[Instructions to follow] Return the data below exactly as given, except for the images.

[Material provided]
####################

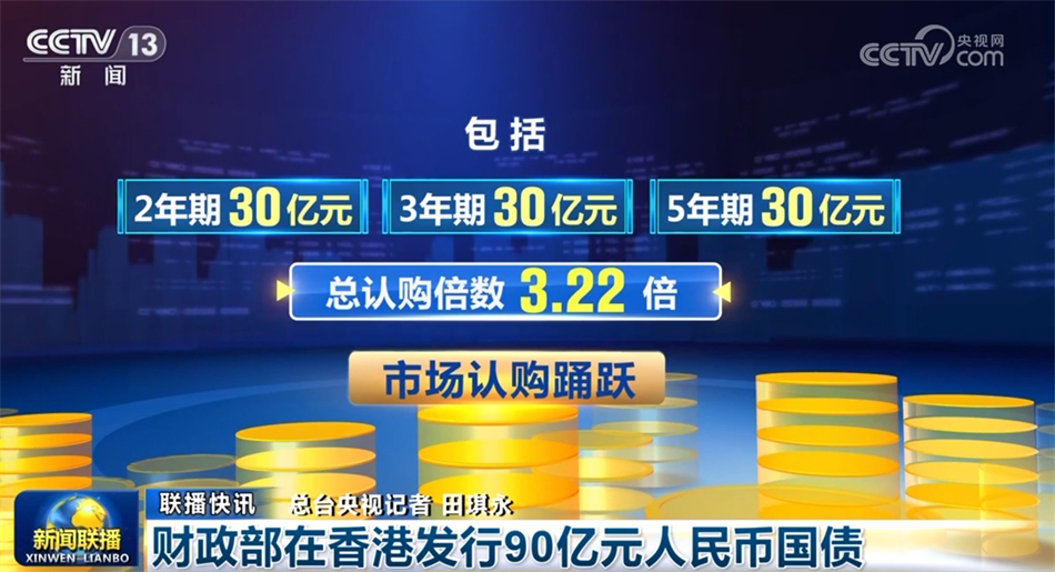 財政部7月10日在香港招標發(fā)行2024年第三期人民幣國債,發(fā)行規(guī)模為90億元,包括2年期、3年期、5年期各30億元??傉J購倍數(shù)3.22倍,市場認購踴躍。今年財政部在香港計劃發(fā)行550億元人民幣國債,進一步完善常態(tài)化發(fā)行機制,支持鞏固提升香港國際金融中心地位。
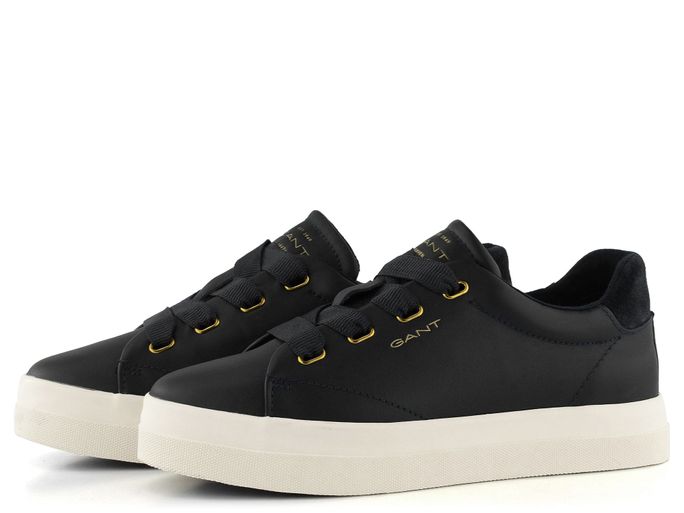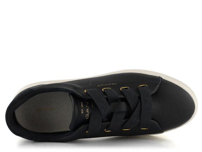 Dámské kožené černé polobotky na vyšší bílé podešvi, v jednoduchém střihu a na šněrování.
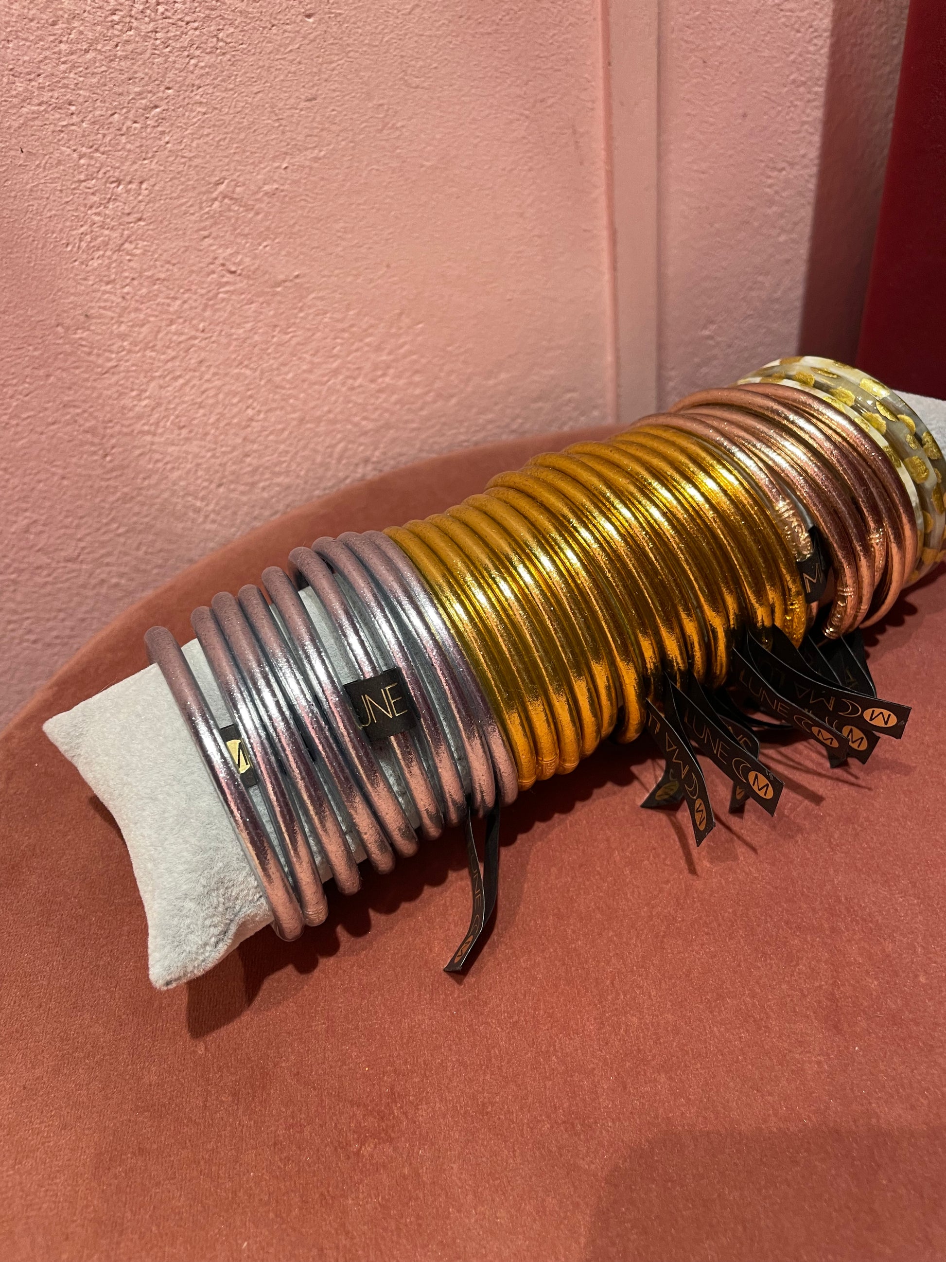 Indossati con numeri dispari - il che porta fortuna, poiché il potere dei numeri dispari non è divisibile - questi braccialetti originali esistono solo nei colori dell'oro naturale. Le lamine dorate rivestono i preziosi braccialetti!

####################

[Answer box]
 財政部7月10日在香港招標發(fā)行2024年第三期人民幣國債,發(fā)行規(guī)模為90億元,包括2年期、3年期、5年期各30億元??傉J購倍數(shù)3.22倍,市場認購踴躍。今年財政部在香港計劃發(fā)行550億元人民幣國債,進一步完善常態(tài)化發(fā)行機制,支持鞏固提升香港國際金融中心地位。
 Dámské kožené černé polobotky na vyšší bílé podešvi, v jednoduchém střihu a na šněrování.
 Indossati con numeri dispari - il che porta fortuna, poiché il potere dei numeri dispari non è divisibile - questi braccialetti originali esistono solo nei colori dell'oro naturale. Le lamine dorate rivestono i preziosi braccialetti!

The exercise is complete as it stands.